O czym więc są te „Skrawki”? Sigrid Combüchen przedstawia w nich dzieje znajomości z czytelniczką o imieniu Hedda, która przed laty napisała do niej, twierdząc, że na zamieszczonym w powieści zdjęciu rozpoznała swoją rodzinę. Pod wpływem impulsu pisarka skłamała, że obecnie mieszka w dawnym domu Heddy, i zaczęła wypytywać o wydarzenia z przeszłości. Naiwna czytelniczka uznała, że to bardzo uprzejme ze strony Sigrid. Przez dziesięć lat korespondowania nie przyszło jej do głowy, że „przyjaciółka” wyciągała z niej zwierzenia tylko po to, by wykorzystać je w kolejnej powieści. Kłamała, manipulowała Heddą, a jeśli nie udało jej się bez wzbudzenia podejrzeń zdobyć wiadomości na jakiś temat, posiłkowała się wyobraźnią. I właśnie ta na pół wymyślona, na pół zrekonstruowana opowieść o młodości Heddy zajmuje lwią część „Skrawków”.

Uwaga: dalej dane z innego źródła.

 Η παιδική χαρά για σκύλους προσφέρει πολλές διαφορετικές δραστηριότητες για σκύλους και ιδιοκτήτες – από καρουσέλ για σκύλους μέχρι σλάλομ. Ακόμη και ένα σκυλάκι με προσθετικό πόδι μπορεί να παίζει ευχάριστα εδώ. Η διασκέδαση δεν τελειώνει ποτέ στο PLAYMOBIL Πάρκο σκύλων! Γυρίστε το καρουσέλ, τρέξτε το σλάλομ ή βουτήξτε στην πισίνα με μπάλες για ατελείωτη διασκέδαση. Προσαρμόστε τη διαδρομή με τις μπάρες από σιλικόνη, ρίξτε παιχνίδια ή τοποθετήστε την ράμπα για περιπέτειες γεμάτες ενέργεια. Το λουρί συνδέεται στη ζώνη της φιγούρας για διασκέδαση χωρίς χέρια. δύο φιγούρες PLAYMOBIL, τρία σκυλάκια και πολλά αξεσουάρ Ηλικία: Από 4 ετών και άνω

Combüchen skupiła się przede wszystkim na okresie, kiedy dziewczyna poczuła, że dusi się w rodzinnym Lund i musi wyjechać „w świat”, czyli do Sztokholmu. Atmosfera rodzinna, próby zostania aktorką, tragiczne warunki mieszkaniowe w stolicy, namiętna miłość, utrata dziewictwa, szukanie męża – wszystkie te wydarzenia autorka opisała w sposób drobiazgowy, a zarazem niewykle zajmujący. Najciekawsze fragmenty książki to te przedstawiające spotkania z Luigim. Trzeba przyznać, że o erotyce Combüchen umie pisać pięknie i delikatnie.

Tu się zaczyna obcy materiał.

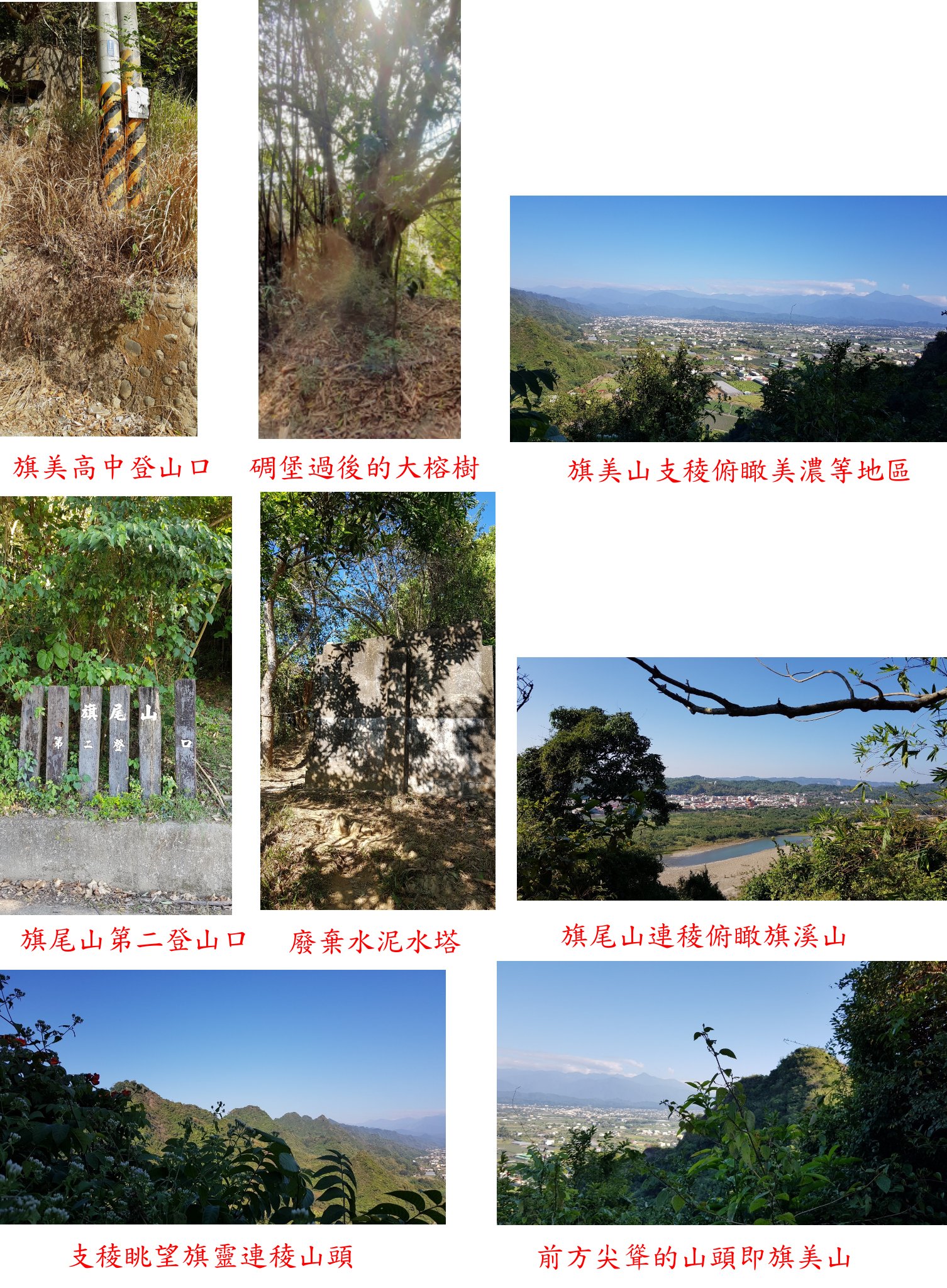 取右入路況佳的山徑走7分鐘抵稜線叉路,右下往北旗尾山不取,取左順稜往旗尾山方向緩上經水泥水塔,稜線徑走11分鐘抵達196山頭;取右支稜緩下往旗美山,前行隨即有一廢棄水泥水塔,剛開始一段路路況尚可隨即轉為刺竹叢很難通過,取左下繞避過再回至稜線,再度遇到蔓藤區很難通過,直線只剩

Najbardziej poruszający wątek opowiada o chorobie nowotworowej trzynastoletniego brata bohaterki. Nie poczytamy o doskonałej rodzinie z poświęceniem opiekującej się umierającym. W „Skrawkach” jest realistycznie i okrutnie. Rodzice nie dają sobie rady z problemem, wyjeżdżają, zostawiając syna, udają, że nic złego się nie dzieje. Nie wolno nawet wymówić słowa „rak”. W efekcie Åke doświadcza ogromnej samotności. Przeczuwa, że wkrótce umrze, ale nie ma z kim o tym porozmawiać. Nawet Hedda, ta dobra, wrażliwa Hedda, w krytycznym okresie wyjeżdża na podbój Sztokholmu. Usprawiedliwia się sama przed sobą, że po powrocie poświęci bratu dużo czasu. Nie przyjmuje do wiadomości, że żadnego „potem” już nie będzie...

Język chwilami zachwyca, a chwilami drażni nieuzasadnionymi powtórzeniami wyrazów. Trudno powiedzieć, czy to wina autorki, czy Dominiki Góreckiej. Szkoda, że w książce znalazły się błędy. „Nie mogły niczego przełknąć, tylko piły w milczeniu”[1] – napisała tłumaczka, a przecież powinno być: „Nie mogły przełknąć żadnego stałego pokarmu, tylko piły w milczeniu”. „Na dużym palcu prawej skarpety Luigiego też była dziura, znacznie większa, ale przynajmniej zakrywała jej własne. Kiedy jeszcze tego samego wieczoru przed powrotem do domu zdjęła ją, uparła się”[2]. Zdjęła dziurę? I o co chodzi z tym zakrywaniem własnych?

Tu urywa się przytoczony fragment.